Thursday 4 June 2009

Guest Blog - Dom Stocqueler


After a bit of a gap I am pleased present our second guest blogger, Dom Stocqueler. If you are interested in contributing to the blog please get in touch - save.the.vulcan@gmail.com

Dom is the editor of the great Welsh Icons website, keen photographer, blogger and Vulcan regular.

















Dom Stocqueler - My Vulcan

Well when I say my Vulcan, I'm not doing so in a proprietorial way. I'm just trying to explain what the Vulcan means to me.

When Chris asked me to write this guest article I was delighted and got to thinking about what pubs in general, and the Vulcan in particular mean to me.

Having had a typical middle class 1960's/70's upbringing, pubs have always held a certain fascination for me. As a child we used to holiday in Devon and on the drive back from the beach to our rented cottage we would stop off at one of the numerous country pubs. My sister and I would be placed in the beer garden (even in the rain) while one of our parents would go inside to get us a bottle of pop and a packet of crisps each (halcyon days). On occasions we would need to use the lavatory and would be escorted inside, normally via the rear entrance to use the facilities and would see glimpses of the magical, mysterious world that was the pub.

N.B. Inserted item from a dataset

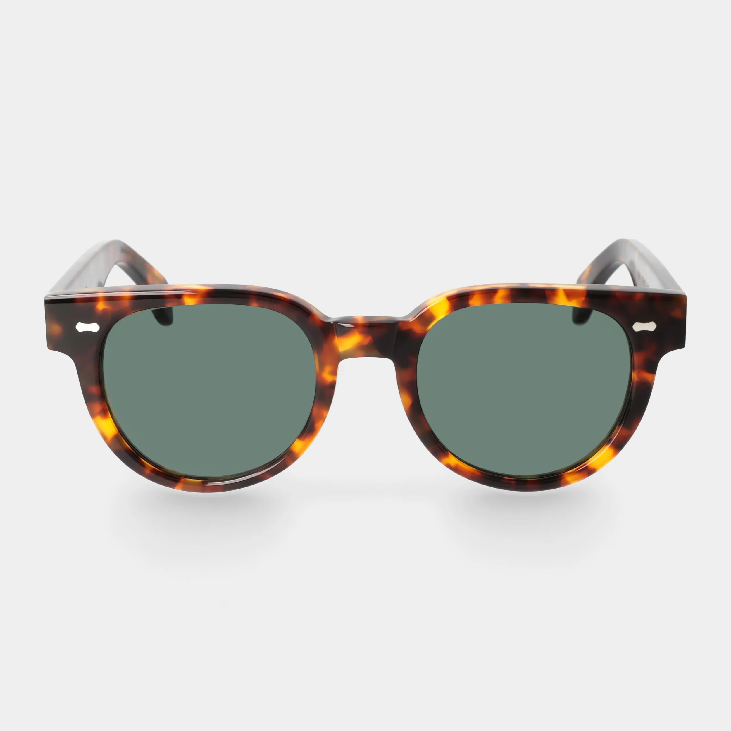 Questi occhiali da sole rotondi tartarugati con angoli smussati sono interpretati con stile e raffinatezza in questa combinazione di colori. Fatti a mano in Italia con lenti bio-based, perfetti per i visi quadrati.

Today, I cannot pass a pub without wondering what it is like inside. So it was with the Vulcan. Past Cardiff prison, with its walls looking much higher as they appear to me now I would walk past the Vulcan as a child, sometimes the door was open and I'd peer inside, peering through the blue fug of pipe and cigarette smoke to see a room full of happy people.

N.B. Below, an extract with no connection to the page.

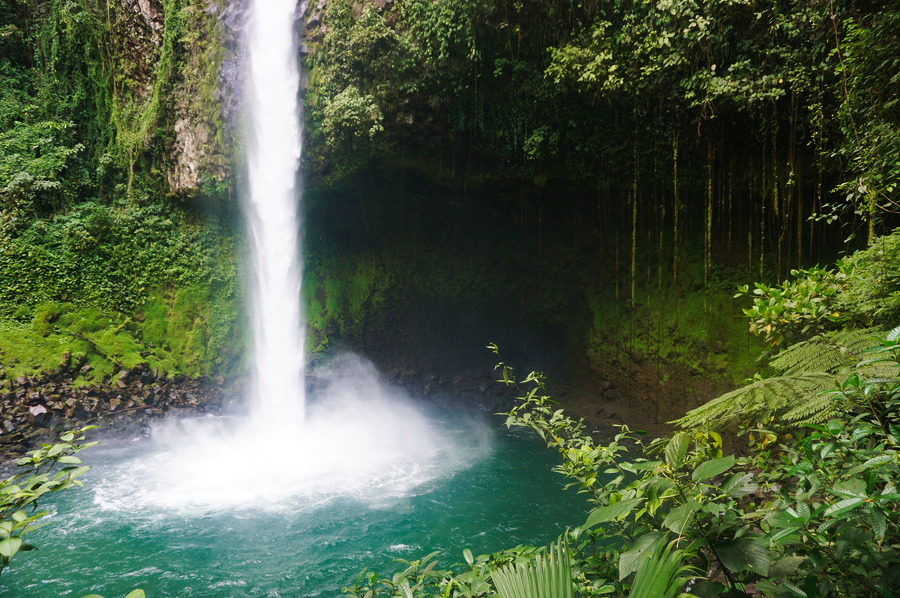 La cascade en elle-même est super impressionnante. Elle mesure 70 mètres de hauteur et a un énorme débit. Elle s’écoule depuis une paroi du cerro Chaco, un volcan, petit voisin de l’Arenal. On peut s’y baigner à son pied et c’est bien dommage. La plupart des touristes se croit plus dans une piscine municipale ou dans un parc aquatique que dans un espace naturel protégé et apeure la pauvre faune locale qui nage dans la rivière.

I suppose it must have been around 1983 that I first ventured into the Vulcan. I wasn't impressed. I was young and gauche and having been an underage drinker at some of Cardiff's newer watering holes (well the Three Brewers was just opposite my school) I wanted modernity - well it was the early 80's.

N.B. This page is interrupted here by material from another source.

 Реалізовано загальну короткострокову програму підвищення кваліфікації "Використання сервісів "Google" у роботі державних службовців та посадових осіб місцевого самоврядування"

I then went to live in London for 20 years and it was while I was there that I discovered the joys of the real pub. Working in Soho and the City there was always a hidden gem tucked away up a side street away from the tourists. The Mitre in Holborn and of course the French House and the Nelly Dean in Soho spring to mind and I'm still sworn to secrecy about some of the Smithfield Market pubs where you can get a beer at 5am in the morning.

Returning to Cardiff in 2005 I found that most of the pubs not to my London acquired unsophisticated tastes. I don't like neon lights, loud music and laminate flooring in pubs and hate with a vengeance the identikit chain pubs that seem to have sprung up everywhere offering cheap lager and bland food - no names, no pack drill but I'm sure you know who I'm talking about. So it was I rediscovered the Vulcan.

I was taken there by two friends who were regulars. It was love at second sight. I returned alone a few days later to be greeted by the landlady who remembered my name and what I drank - What more could you ask for?

I have returned many times since and made many firm friends, not the 'hail fellow well met' people you would expect to find in any local's bar but a real cross-section of local residents and workers. From lecturers and students in the Atrium across the road, to retired steelworkers from the Eastmoors works.

In fact, I was in the Vulcan yesterday. I had to sign on, always a humiliating experience however hard the staff at the Job Centre try, and I always make sure I keep enough money back to buy a half in the Vulcan on my walk back home. As always I was greeted with a warm welcome and chatted with a few of my old mates. Refreshed physically and mentally I walked home.

I cannot comment on the politics behind the proposed closure of the Vulcan but I know Mr Rapport comes from an old and respected Cardiff family who have done much for Cardiff over the years and I trust he will do the right thing.